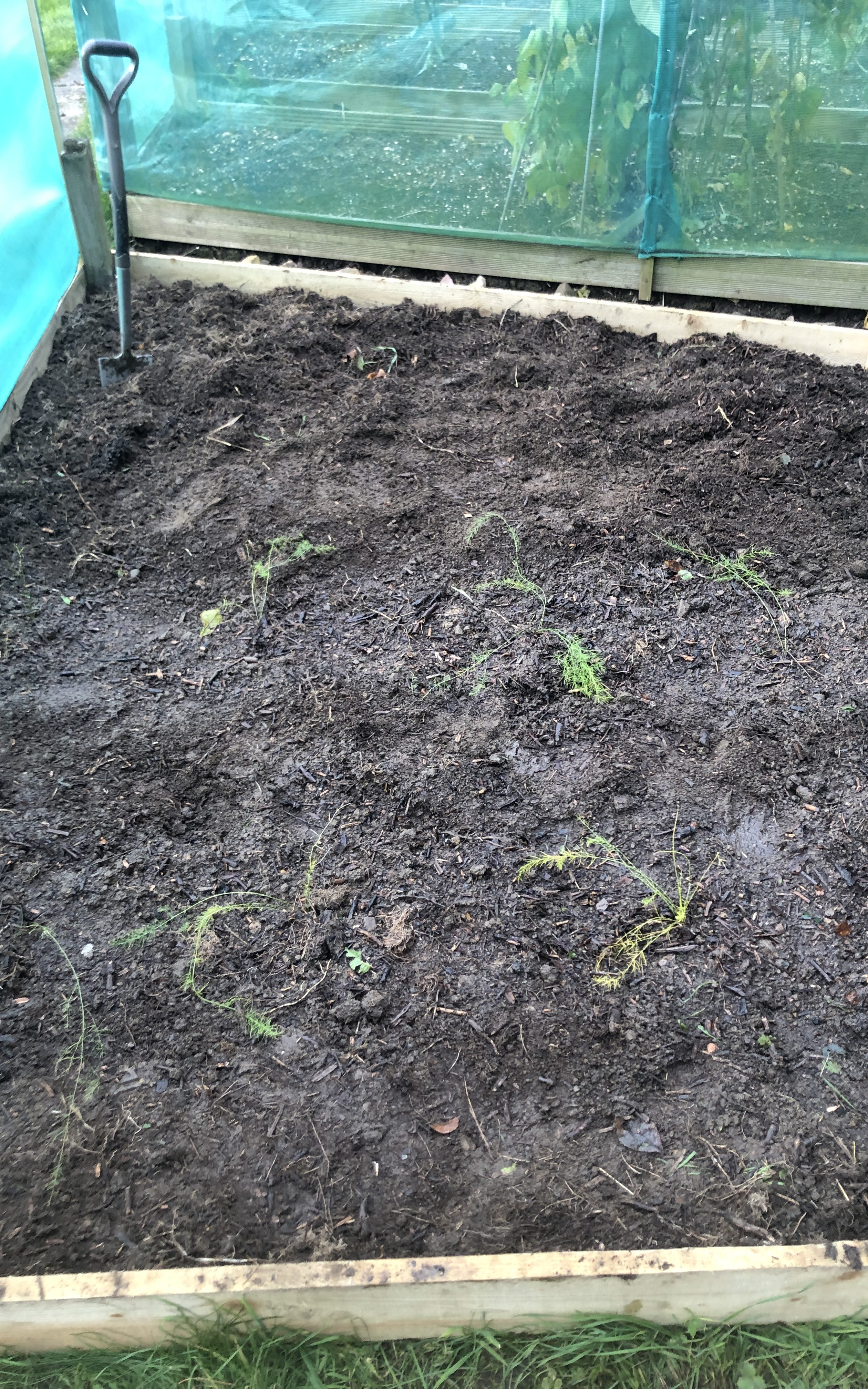 Written like this, the process sounds brisk, efficient even. The reality was extremely slow, with long gaps between stages. Life happened to us with some speed and intensity this summer, and progress on the asparagus bed suffered in consequence. By mid-August, the post holes were still being dug and we were going away on holiday. The tray of seedlings had been moved outside to enjoy the sunshine and be watered alongside the pots. I began to wonder if I would have to get rid of them and start again next year as I couldn’t imagine they would take kindly to over-wintering in the tray.
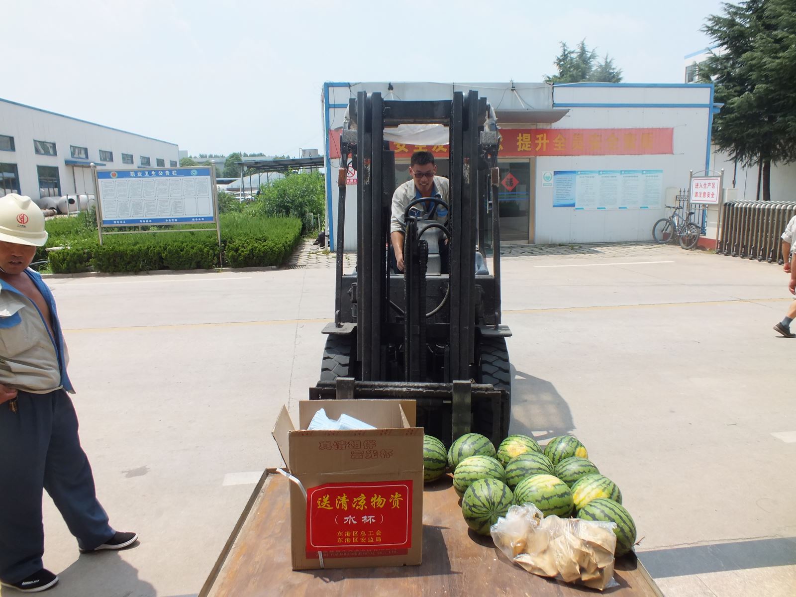 “夏送清涼”慰問活動將關(guān)懷送至公司每一位員工,讓我們大家都深切感受到了東港區(qū)總工會和東港區(qū)安監(jiān)局領(lǐng)導(dǎo)送來的溫暖。另外,公司也提醒所有員工,要做好對炎熱天氣的防范工作,加強(qiáng)身體素質(zhì)和自我保護(hù)意識,安全度過炎炎夏日。
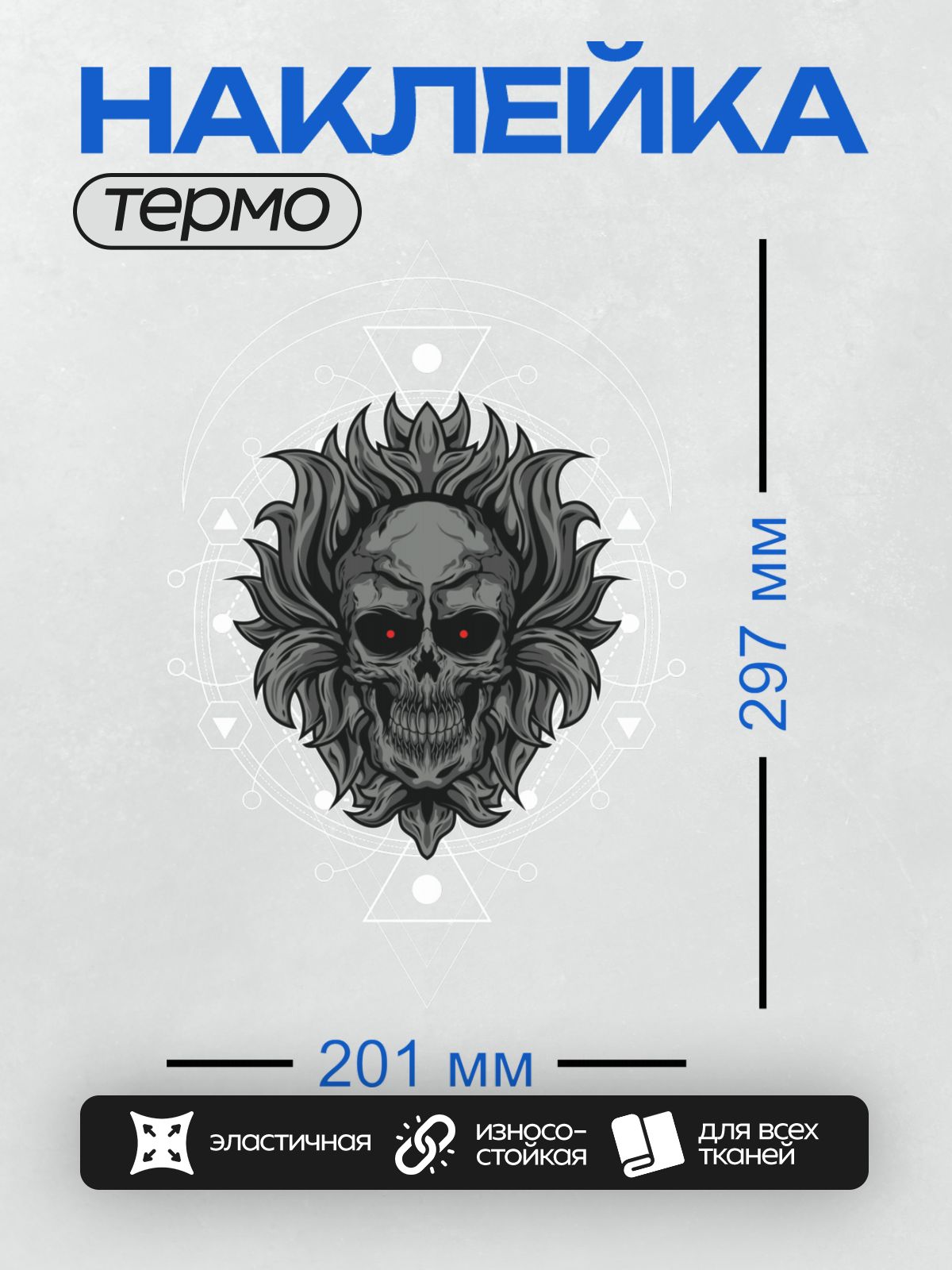 Дизайн: Череп с красными глазами и пламенем вокруг. — идеально подходит для декора и восстановления одежды.

####

#### [Required work]
Give the data again exactly as written, with all pictures left out.

#### [Written response]
 Written like this, the process sounds brisk, efficient even. The reality was extremely slow, with long gaps between stages. Life happened to us with some speed and intensity this summer, and progress on the asparagus bed suffered in consequence. By mid-August, the post holes were still being dug and we were going away on holiday. The tray of seedlings had been moved outside to enjoy the sunshine and be watered alongside the pots. I began to wonder if I would have to get rid of them and start again next year as I couldn’t imagine they would take kindly to over-wintering in the tray.
 “夏送清涼”慰問活動將關(guān)懷送至公司每一位員工,讓我們大家都深切感受到了東港區(qū)總工會和東港區(qū)安監(jiān)局領(lǐng)導(dǎo)送來的溫暖。另外,公司也提醒所有員工,要做好對炎熱天氣的防范工作,加強(qiáng)身體素質(zhì)和自我保護(hù)意識,安全度過炎炎夏日。
 Дизайн: Череп с красными глазами и пламенем вокруг. — идеально подходит для декора и восстановления одежды.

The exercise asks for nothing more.